In my search for the best rods for me last year it came down to the meridian and Exocett. Was lucky enough to do a side by side comparison with the two with multiple lines 10’ leader and fly. My favorites were rio bonefish, btt, and sa saltwater. All depends on your casting style and what length head you prefer. The grand slam was a cannon but too aggressive for me.


----------



## saspeck (Sep 21, 2017)

Thanks for the suggestions. Has anyone tried the Airflo Gulf Redfish line on this rod?


----------



## Steve_Mevers (Feb 8, 2013)

I have a Meridian 8wt with Airflo Bruce Chard Tropical Punch. I like the line a lot, the head is just the right length for me, still allows close casts and you can easily reach fish 80 feet away.


----------



## TheAdamsProject (Oct 29, 2007)

Got to throw it yourself, Im sure someone will help give you a test drive before dropping the coin


----------



## Nway93 (May 9, 2016)

Been fishing my 8wt for quite some time with a 7wt airflo bonefish/redfish. Its a full line size heavy and casts great. That rods probably coming up for sale soon though, find myself reaching for my 7wt exocett more often and a 9 would be more versatile.


----------



## Rick hambric (Jun 24, 2017)

Nway93 said:


> Been fishing my 8wt for quite some time with a 7wt airflo bonefish/redfish.

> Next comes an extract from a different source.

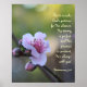 Floral Poster with Scripture Verse from Deuteronomy 31:6; Beautiful freshly bloomed peach blossom, on green/gold background with the sun shining through! and the following scripture verse: Don't mistake God's patience for his absence. His timing is perfect and His presence is constant. He's always with you.

Its a full line size heavy and casts great. That rods probably coming up for sale soon though, find myself reaching for my 7wt exocett more often and a 9 would be more versatile.


Exocett is sweet isn’t it? Wife don’t know it yet, but I’m getting two more this spring!


----------



## tailwalk (Nov 20, 2016)

I'd been wanting to try a different line with my 12 and with a $20 discount at the local shop I figured now was the time so I grabbed a liquid crystal guide and just came in from the first casting session with it. Woah. Theres a new favorite. Compared with the sa grand slam this line gives a lighter swing (It's 1/2 size heavy vs around 3/4) while still retaining the feel and it shoots great. Granted it's still new and I haven't cleaned the sa for some time, but I'm sold. Excellent control and turns over well without slapping so hard as the sa does. Memory out of the box wasn't perfect but it seems to relax a little with a few casts, and it's not exactly the same conditions I'll be fishing the line in so I'm thinking it'll be even better later as it gets broken in.


----------



## jamie (Jan 22, 2016)

i've played with a few. Really like the rio permit. 
Didn't care for the airflow tropical punch or rio redfish. Rio bone fish was fine for longer distance but not my favorite for 30' shots.


----------



## Stevie (Jun 27, 2017)

I like the Rio Permit on the Meridian


----------



## k-roc (Feb 8, 2018)

I love my 8 wt. with the Tropical Punch for fishing the everglades as it can handle throwing bigger flies and poppers. I used to fish the SA Grand Slam which is pretty much the same line as the TP, makes sense as Bruce Chard designed it for SA. So happy to not be fishing the textured lines anymore, they are super hard on the hands.
For beach fishing I use the WF8-FI Rio line, I like the clear intermediate tip, it's stealthy and I'm not usually casting poppers on the beach.
Interesting to note though on my 10 and 11 wt. Meridians I use the Airflo Tarpon line, it's not as front heavy as the TP and puts the fly down nice and gentle. Love the no stretch cores on Airflo, so good so setting the hook.


----------



## Canebrake51 (Feb 15, 2018)

Rick hambric said:


> Exocett is sweet isn’t it? Wife don’t know it yet, but I’m getting two more this spring!


Thinking about a 10 wt Exocett. Have a couple of Solars that I really like. Is Exocett anything like the Solar? Other choices for the 10 are Orvis H3 and Scott Meridian. Not much opportunity to comparison shop in my region.


----------



## Rick hambric (Jun 24, 2017)

Never cast a solar. I have cast thehelios 3d. & meridian. The Exocett won the race. Sa saltwater is a booming line and amplitude tarpon is a rocket!srupidly easy to cast and very accurate. Also handles an intermediate better than any other rd I’ve cast.


----------



## Canebrake51 (Feb 15, 2018)

Rick hambric said:


> Never cast a solar. I have cast thehelios 3d. & meridian. The Exocett won the race. Sa saltwater is a booming line and amplitude tarpon is a rocket!srupidly easy to cast and very accurate. Also handles an intermediate better than any other rd I’ve cast.


Thanks for your quick reply, really appreciate.


----------